А потом Тереза написала ему, потому что у нее умерла мать и горе и тоска оказались сильнее гордости. Луис получил письмо и назавтра примчался в Нью-Йорк. Они и часа не пробыли вместе, как Тереза убедилась, что месяцы разлуки и молчания, показавшиеся ей вечностью, пролетели для него незаметно. Это открытие совсем сбило ее с толку, а пока она размышляла в поисках объяснения, обида утихла.
Странная это была встреча, на всем лежала тень несчастья, вновь их соединившего, и все освещала радость быть вместе, и на каждом шагу вполне разумные сомнения опровергались бесспорными истинами, которые поначалу казались невероятными. Но все сомнения, как и неверие, возникали у одной Терезы, и ей пришлось отказаться от них перед лицом этих истин, из которых первая и важнейшая была та, что Луис на свой лад любит ее так же сильно, как прежде.

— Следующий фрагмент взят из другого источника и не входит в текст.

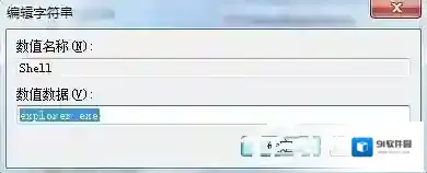 5、在界面的右边列表中找到“shell“项,用鼠标点击打开,修改对话框”数字数据“为”explorer.exe“点击确定,关闭注册表,完成设置。如下图所示: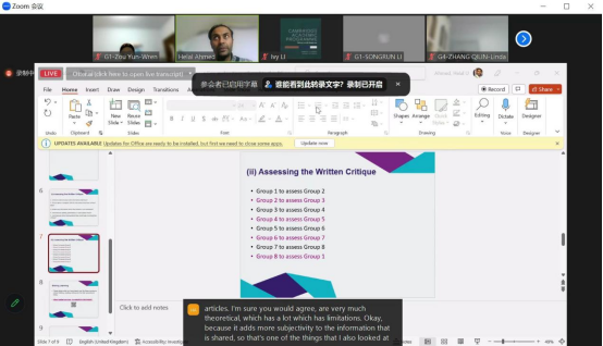 In the 2022 "Jilin University-Cambridge Academic Project", I gained a lot for more than two month. I not only have a better understanding of the paper report, but also directly improve my English level. In addition, I have further mastered academic thinking and writing skills, which will be of great help to my future research in related fields In addition, I learned about doing research and how to cultivate our students' critical thinking and reading methods.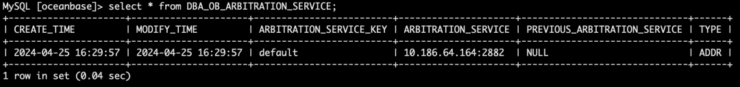 select * from DBA_OB_ARBITRATION_SERVICE;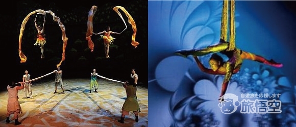 ★シルクベルト空中造形 男女入り乱れで天井から吊るされたシルクのベルトにからだを巻きつけ、巻きつけられた者同士が絡み合いアクロバット技を披露するというもの。首にベルトを巻きつけた女性がクルクル回ったり、巻きつけた紐を解きながら上から降りてくるシーンなどは見逃せません! |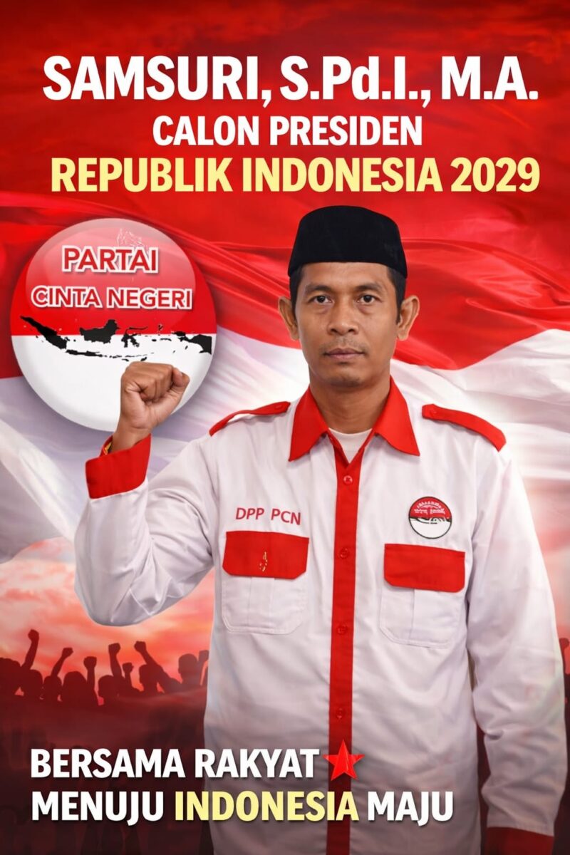DEKLARASI SAMSURI, S.Pd.I, M.A (KETUA UMUM PARTAI CINTA NEGERI) SEBAGAI CALON PRESIDEN REPUBLIK INDONESIA PERIODE 2029–2034.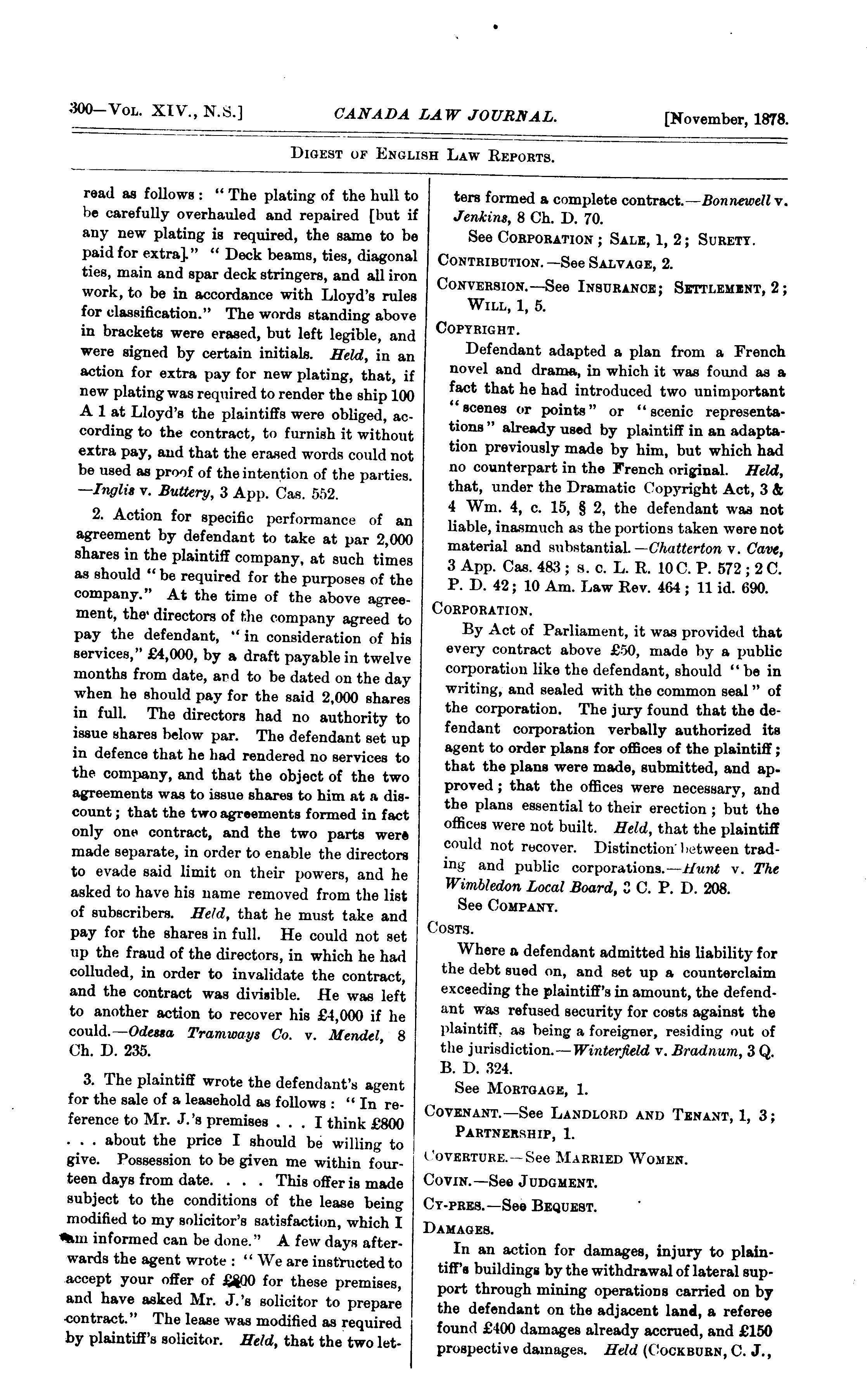 Canada law journal [New ser. v. 14, [no. 11] (Nov. 1878)]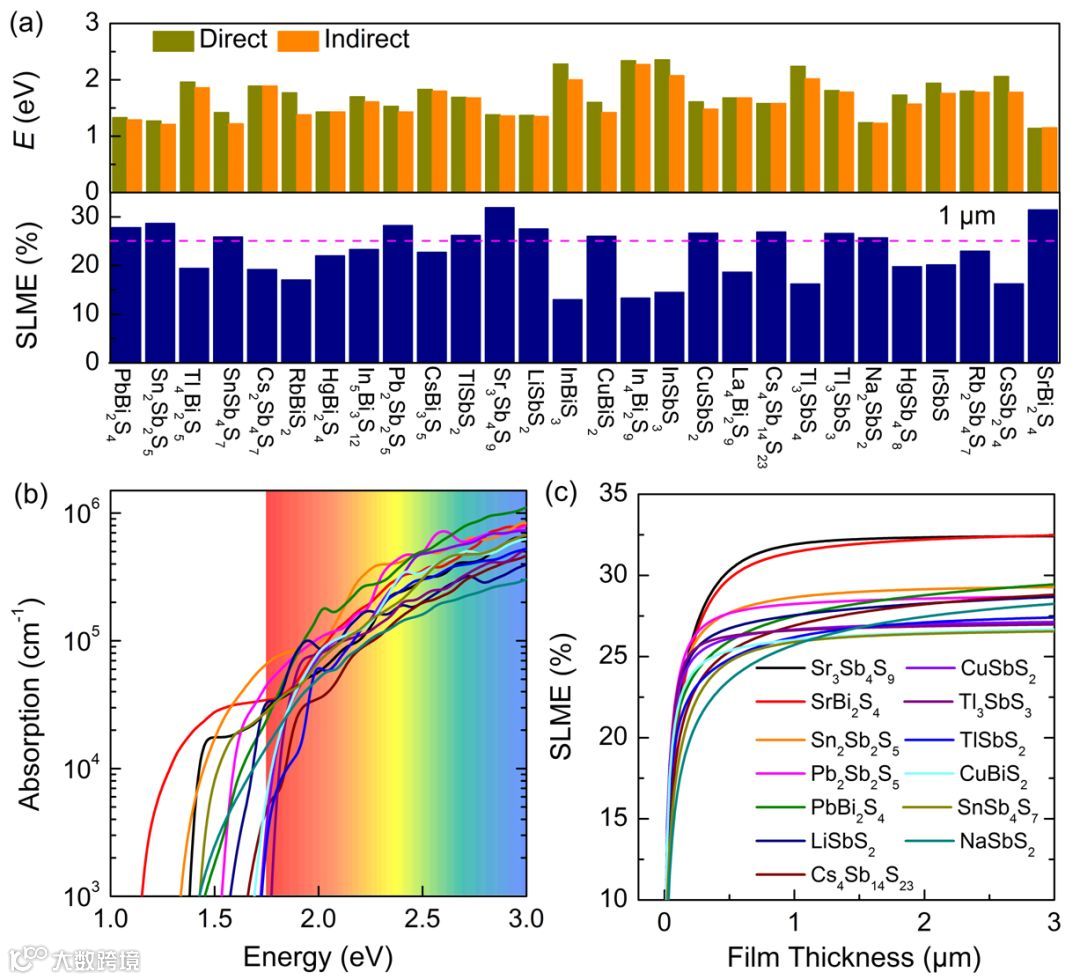 Figure 3. (a) Calculated indirect and direct band gaps and spectroscopic limited maximum efficiency (SLME) under a film thickness of 1 μm based on the improved Shockley−Queisser model of 28 compounds that have band gaps 2.3 eV> Eg > 1 eV, small electron/hole effective masses (me or mh< m0), and large dielectric constants (ε0 > 20).(b) Calculated absorption spectra and SLMEs of the 13 compounds that have SLME values larger than 25%. (c) Thickness-dependent SLME.

И только после того, как Луис опять уехал в Чикаго, Тереза додумалась до объяснения: вопреки старой поговорке, что коня можно пригнать на водопой, но пить насильно не заставишь, бывают, видно, и такие, которые пьют охотно, но лишь когда сами окажутся у воды… Какая грубость, какой цинизм! — вознегодовала она. Он необыкновенный, подсказало ей сердце, человек одного призвания, одной страсти. К кому? — спросил рассудок. — Или к чему хотя бы? И потом, — сказало сердце, — один час с ним лучше, чем год с любым другим. Тогда, — сказал рассудок, — тебе придется решать нелегкую задачу. И пусть! — сказало сердце. — Да, да, пусть так!

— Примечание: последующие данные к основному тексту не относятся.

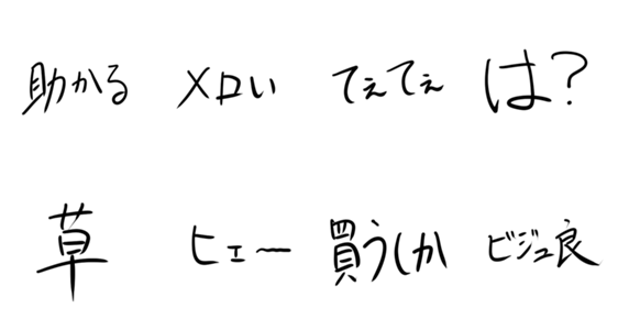 助かる,てぇてぇ,メロい,は?,草,買うしか,ビジュ良,ヒェーというオタクの叫びスタンプです.推しに助かった時にどうぞ.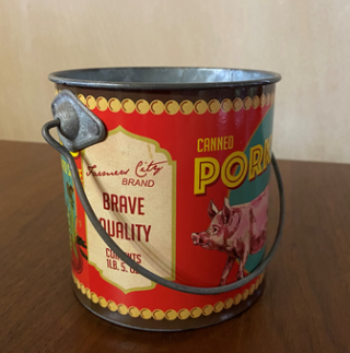 レトロな缶詰パッケージのハンドルが付いた缶。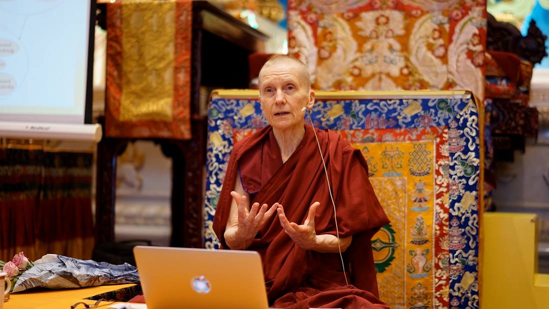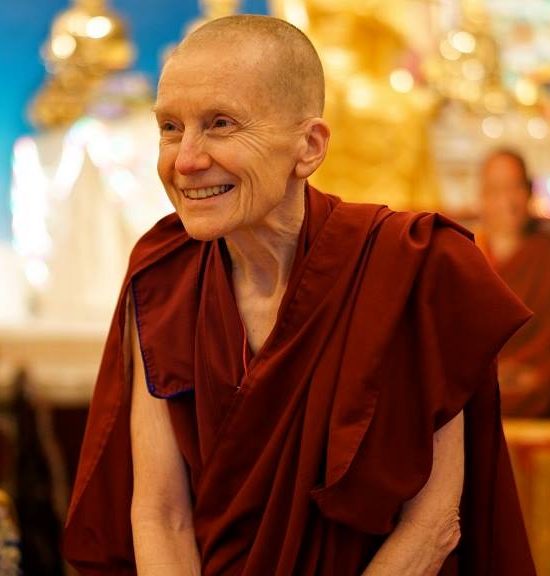 At her teachers’ request, she began teaching in 1980 and has since taught in numerous countries around the world, occasionally taking time off for personal retreats. She served as resident teacher in Buddha House in Australia, Amitabha Buddhist Centre in Singapore, and the FPMT centre in Denmark, and completed the FPMT Masters Program at Istituto Lama Tzong Khapa in Italy (2008–2013). Since 2017, Ven. Sangye Khadro has been a teacher and resident at Sravasti Abbey in Washington State.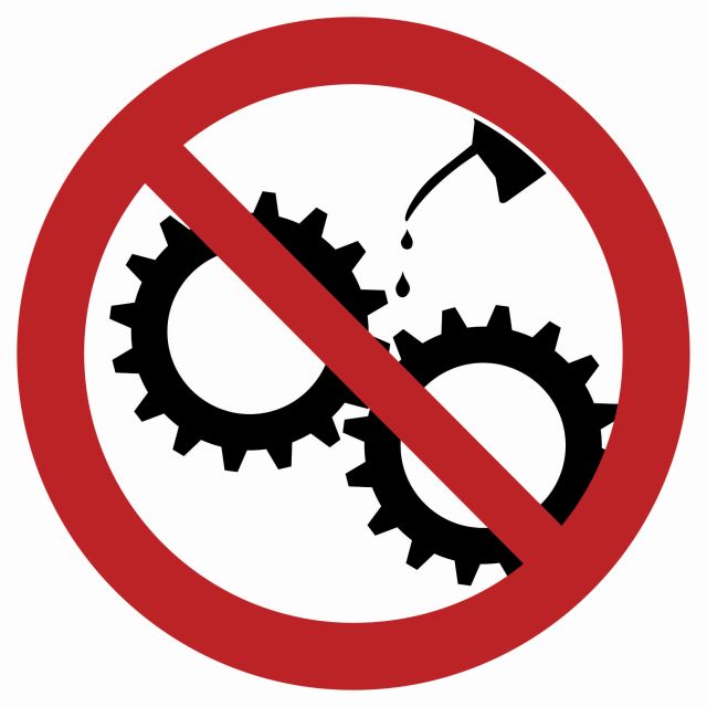 Strona główna » Znak Zakaz smarowania urządzeń w ruchu folia samoprzylepna GB030
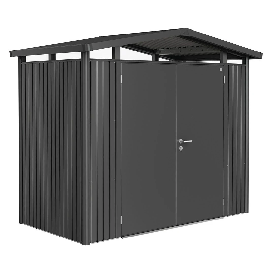 Die Serie Panorama von Biohort richtet sich an Personen, die sich ein luxuriöses Gerätehaus in höchster Qualität und Funktionalität gönnen möchten. Im Gegensatz zu günstigeren Produkten verfügt das Biohort Gerätehaus über eine doppelte Stahl-Blechstärke. Zudem wartet es mit einem umlaufenden Acrylglas-Oberlicht unter dem Satteldach auf.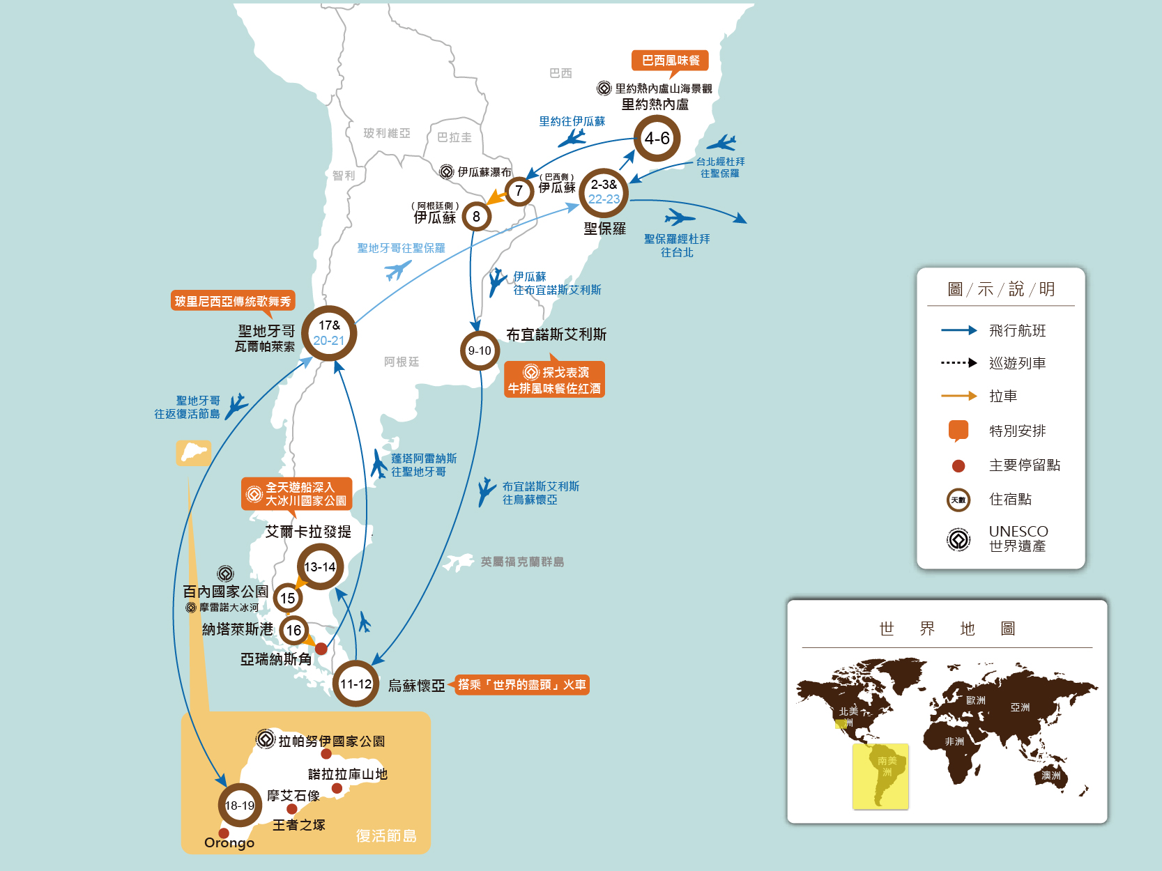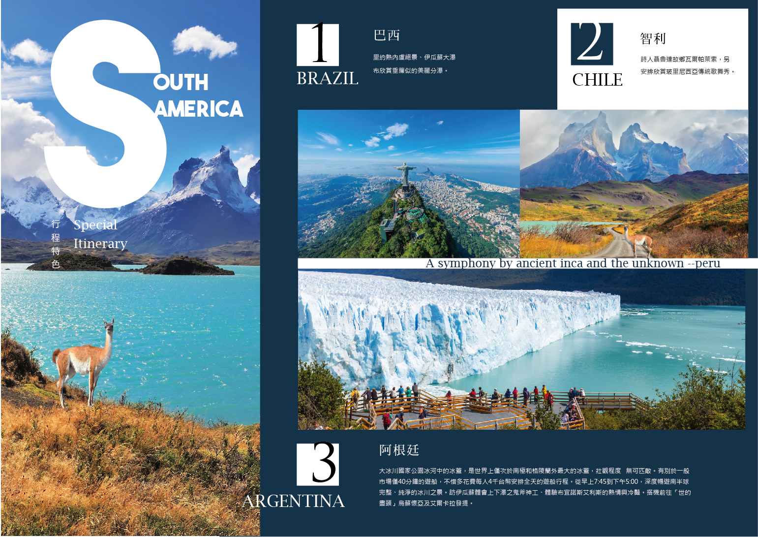 大冰川國家公園(UNESCO 1981)是除南極大冰川、格陵蘭大冰川之後,全球第三大冰川區,冰川為極地以外最大型之一,由47個大小冰川組成。安地斯山脈的積雪,經年累月形成巍然聳立冰河,其緩慢流動所造成的冰壁碎裂巨響,是造物者的低鳴。

Но сердцу легко говорить, а что же ей все-таки делать? Луис живет в одном городе, она — в другом. И уже известно, что если не написать ему, сам он тоже не напишет, с него станется. Но уж когда она пишет ему, он отвечает сейчас же. И в следующие полтора года, помогая отцу примириться с утратой, сама она примирилась с ожиданием, а пока что из Нью-Йорка в Чикаго и из Чикаго в Нью-Йорк летело письмо за письмом.
Письма Луиса по-прежнему были взволнованны и нежны, любовь и волнение переплетались все теснее, но из его слов Тереза все меньше понимала, что же его волнует. В сущности, он никогда не говорил прямо о своей работе; но уже не оставалось сомнений, что работа поглощает его всего без остатка, его больше ничто и никто не занимает, — разве только она, Тереза. Об этом неопровержимо свидетельствовали его письма и те часы, когда они бывали вместе, — шесть коротких встреч за полутора года, — ибо Луис не мог и не умел притворяться.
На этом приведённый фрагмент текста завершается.